Problem to work on
Pictures stay out of the copy. Retype exactly the lines below from the one with "La confezione include" through the one with "Отпразднуйте очарование Снупи".

Stored data

____

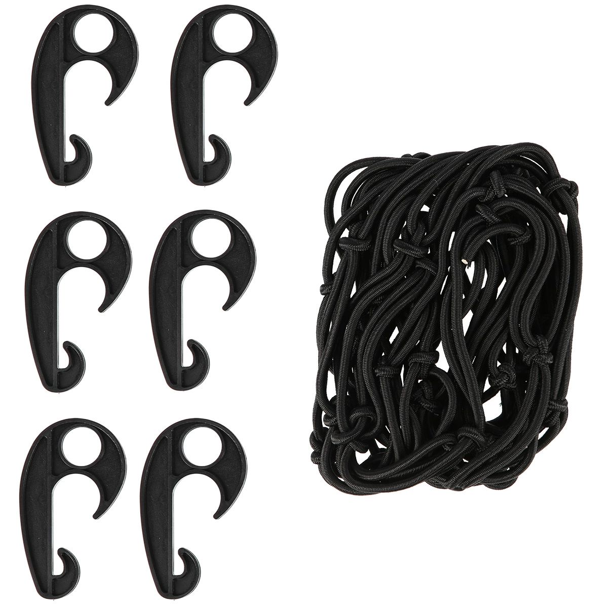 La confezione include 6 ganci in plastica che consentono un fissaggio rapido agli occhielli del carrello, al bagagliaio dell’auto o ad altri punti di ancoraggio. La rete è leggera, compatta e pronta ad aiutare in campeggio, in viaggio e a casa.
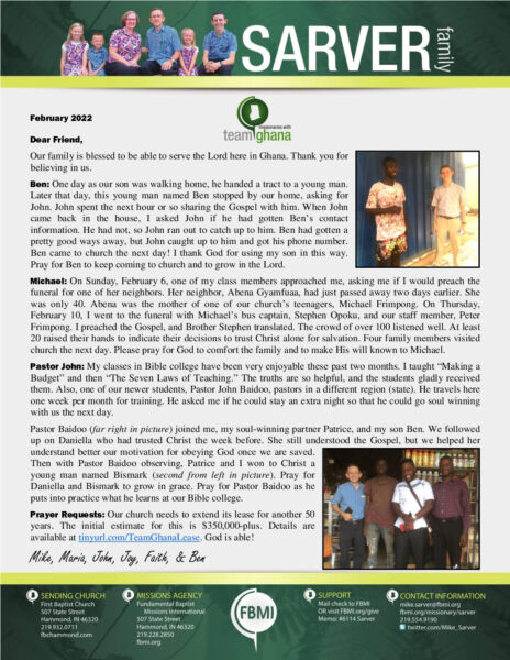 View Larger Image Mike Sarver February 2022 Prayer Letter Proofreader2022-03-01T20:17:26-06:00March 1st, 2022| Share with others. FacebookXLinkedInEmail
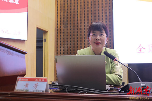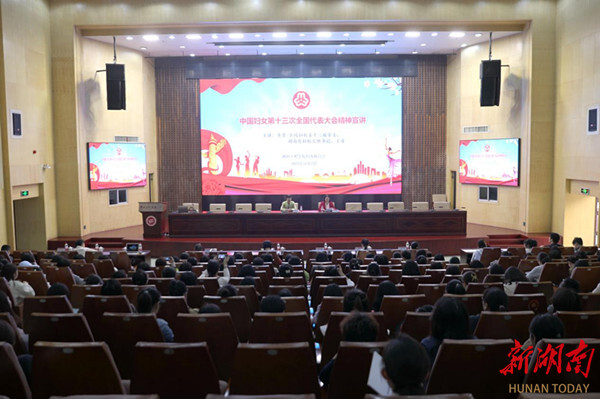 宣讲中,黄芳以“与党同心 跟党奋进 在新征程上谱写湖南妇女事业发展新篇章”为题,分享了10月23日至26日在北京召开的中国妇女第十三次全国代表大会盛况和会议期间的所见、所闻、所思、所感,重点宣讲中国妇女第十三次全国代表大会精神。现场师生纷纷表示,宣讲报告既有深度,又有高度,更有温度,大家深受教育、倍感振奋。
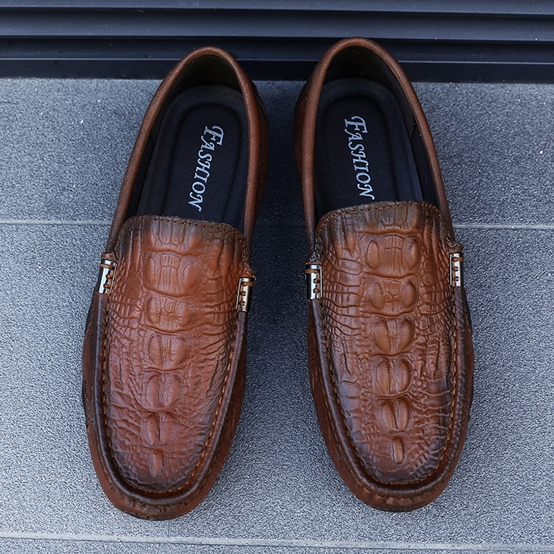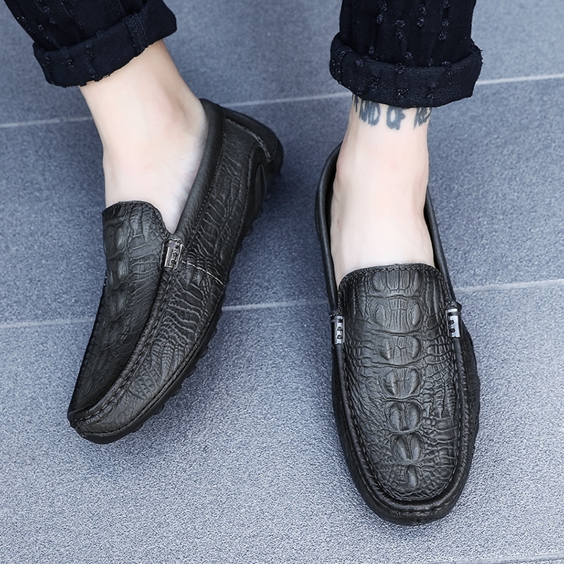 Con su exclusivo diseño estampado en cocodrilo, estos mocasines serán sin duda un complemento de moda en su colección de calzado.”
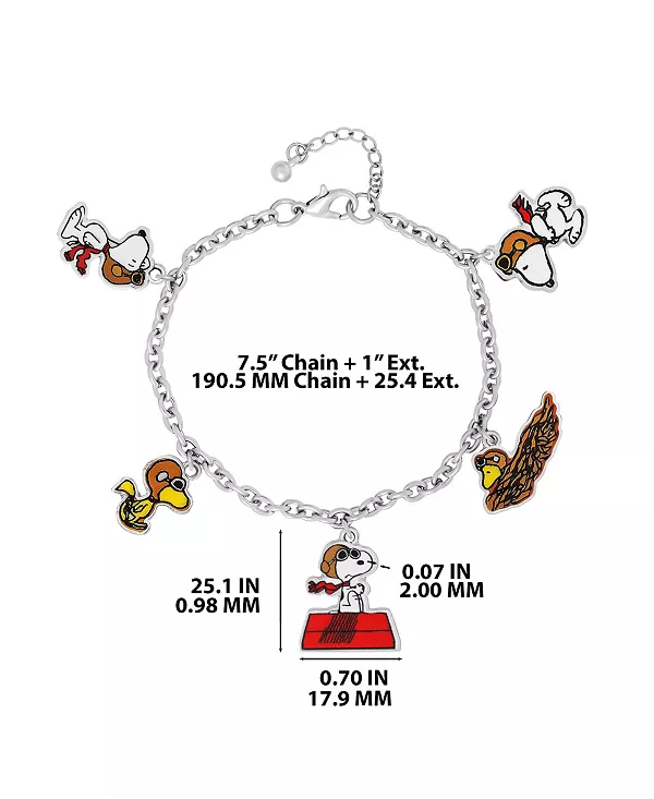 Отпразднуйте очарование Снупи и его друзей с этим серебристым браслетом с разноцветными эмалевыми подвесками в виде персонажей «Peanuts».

____

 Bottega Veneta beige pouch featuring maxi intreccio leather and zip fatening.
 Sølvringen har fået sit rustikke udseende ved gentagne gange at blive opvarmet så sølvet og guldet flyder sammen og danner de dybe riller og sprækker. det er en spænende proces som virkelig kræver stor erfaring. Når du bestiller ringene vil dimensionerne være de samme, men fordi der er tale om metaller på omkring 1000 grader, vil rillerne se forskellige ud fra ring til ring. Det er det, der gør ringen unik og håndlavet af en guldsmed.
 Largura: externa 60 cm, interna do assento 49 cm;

____

Response to this exercise
 La confezione include 6 ganci in plastica che consentono un fissaggio rapido agli occhielli del carrello, al bagagliaio dell’auto o ad altri punti di ancoraggio. La rete è leggera, compatta e pronta ad aiutare in campeggio, in viaggio e a casa.
 View Larger Image Mike Sarver February 2022 Prayer Letter Proofreader2022-03-01T20:17:26-06:00March 1st, 2022| Share with others. FacebookXLinkedInEmail
 宣讲中,黄芳以“与党同心 跟党奋进 在新征程上谱写湖南妇女事业发展新篇章”为题,分享了10月23日至26日在北京召开的中国妇女第十三次全国代表大会盛况和会议期间的所见、所闻、所思、所感,重点宣讲中国妇女第十三次全国代表大会精神。现场师生纷纷表示,宣讲报告既有深度,又有高度,更有温度,大家深受教育、倍感振奋。
 Con su exclusivo diseño estampado en cocodrilo, estos mocasines serán sin duda un complemento de moda en su colección de calzado.”
 Отпразднуйте очарование Снупи и его друзей с этим серебристым браслетом с разноцветными эмалевыми подвесками в виде персонажей «Peanuts».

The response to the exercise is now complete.